Dr. Wick notes that no matter what we think about the “relationships” maintained on social media, children never get a break. That can cause anxiety. Everybody needs some time to relax from the demands of intimacy or connection. It’s easy for anxiety to grow if you don’t get that.

In the midst of all this hyperconnection, it’s easy to feel lonely. One thing is that kids know with depressing certainty if they are being ignored. The silence that can result from waiting for a response to your message is deafening. This silent treatment could be an insult to a strategy or a side effect of an online relationship.

“In the olden days, when a boy was going through a breakup with you, he needed to have a conversation. Dr. Wick says that he at least had to call. Dr. Wick says, “He might disappear from your screen these days and you never get the ‘What’ conversation.” Children often imagine the worst of themselves.

Even if the conversation ends, anxiety can still be caused by being in a state of constant waiting. It can be difficult to feel like we are being put on the back burner. We put others back there and our human need for communication is effectively delegated there.

What can parents do to help their children succeed?

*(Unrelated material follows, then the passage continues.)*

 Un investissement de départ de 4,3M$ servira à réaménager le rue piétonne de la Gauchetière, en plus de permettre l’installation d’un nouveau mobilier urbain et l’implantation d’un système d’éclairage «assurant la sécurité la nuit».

The best way for parents to reduce the risk associated with technology use is to limit their own usage. This was the consensus of both experts who were interviewed. Parents have to be an example of healthy computer use. We check our emails and phones too often, either out of genuine interest or because we are anxious. Our faces should be seen by our children, not our heads glued to a screen. Technology-free zones should be established in the home and no one can use the phone during the day. Dr. Steiner Adair recommends that you don’t go to the door after work and start a conversation. Dr. Steiner-Adair advises that you don’t go in after work and say “hi” quickly and then check your email. You should give them your complete attention until they get out the door. You shouldn’t be talking on your phones while driving to and from school.

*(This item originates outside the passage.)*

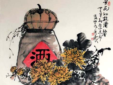 It had been popular in China to brew chrysanthemum wine as early as the Han and Wei Dynasties. Drinking Chrysanthemum wine later became a folk custom, especially during the Double Ninth Festival. In the bygone days, chrysanthemum wine was brewed on the Double Ninth Festival for the next year. On that very day, people picked chrysanthemum that had just blossomed and some green leaves just had come out, mixed them with grains for the brewing, and then put the mixture aside until the next Double Ninth Festival. It is said that people drinking the wine can prolong their life. On the Double Ninth Festival, besides ascending heights and wearing dogwood branches, people usually drank chrysanthemum wine with their friends and relatives while appreciating chrysanthemums. In particular, poets would improvise and chant poems when enjoyed the flowers and drank the wine, and they left behind a lot of beautiful lines for later generations.
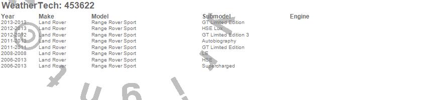 Below is an abbreviated list of applications for the FloorLiner DigitalFit.Range Rover Sport, Land Rover, 2013, 2012, 2011, 2010, 2009, 2008, 2007, 2006

Limiting your time spent on computers provides a healthy counterpoint in today’s tech-obsessed society. It also strengthens the parent-child bond, and makes children feel safer. Your kids need to know you are there to listen to their problems, share their day or just give them a reality check.

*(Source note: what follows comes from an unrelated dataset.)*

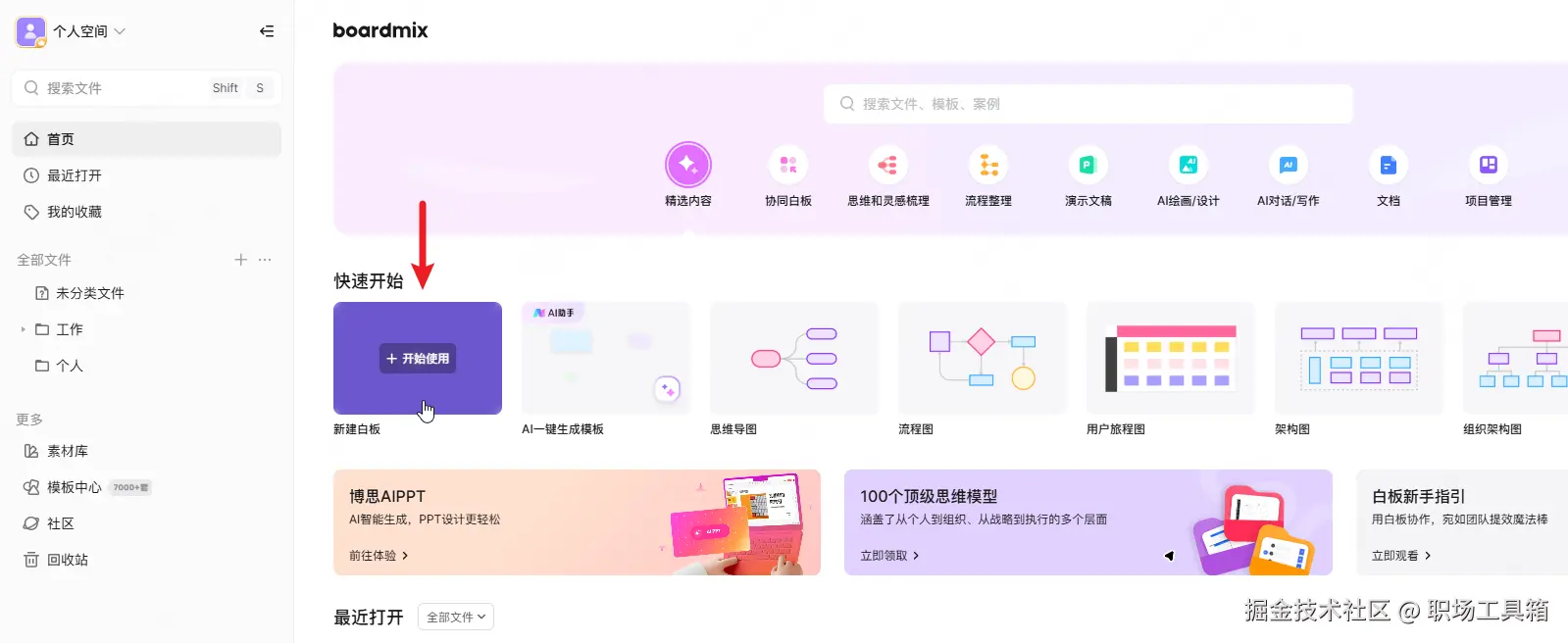 点击下方的“新建白板”,创建一个boardmix白板。

Dr. Steiner Adair warns that it is the “mini-moments” of disconnection when parents become too focused on their screens and devices, which can dilute the parent-child bond. You might not like the results when your children start to turn to the internet for information or help. Dr. Steiner Adair says that technology can provide your children with more information than you can and doesn’t reflect your values. It won’t be sensitive or developmentalally appropriate to your child’s personality.

Dr. Wick also recommends that you delay the age at which your child first uses alcohol. Dr. Wick advises that the age of first use be delayed as much as possible. She advises against reading text messages unless there are serious concerns. “If there is a reason to be concerned, then that’s fine. But it must be a valid reason. Parents who spy on their children are common. Trusting your children is the first step for parents. It is extremely damaging for the relationship to not give your child the benefit of the doubt. It is important to feel that your parents believe you are a good child.

Online, the best advice to help kids develop healthy self-esteem is getting them involved in something they are interested in. It could be sports or music or taking apart computers or volunteering–anything that sparks an interest and gives them confidence. Children will be happier and more prepared to succeed in real life if they feel confident about their abilities and not how they look or what they have. The fact that most of these activities involve interacting with peers face to face is the cherry on top.

 

 

Daniel Zayas
Daniel Zayas
Mars is a content writer and founder of Hesolite the place for you to get SEO tips, backlinks backlinks. He gained extensive knowledge by doing researches on various technology projects. You will find his SEO-related contributions on top sites online.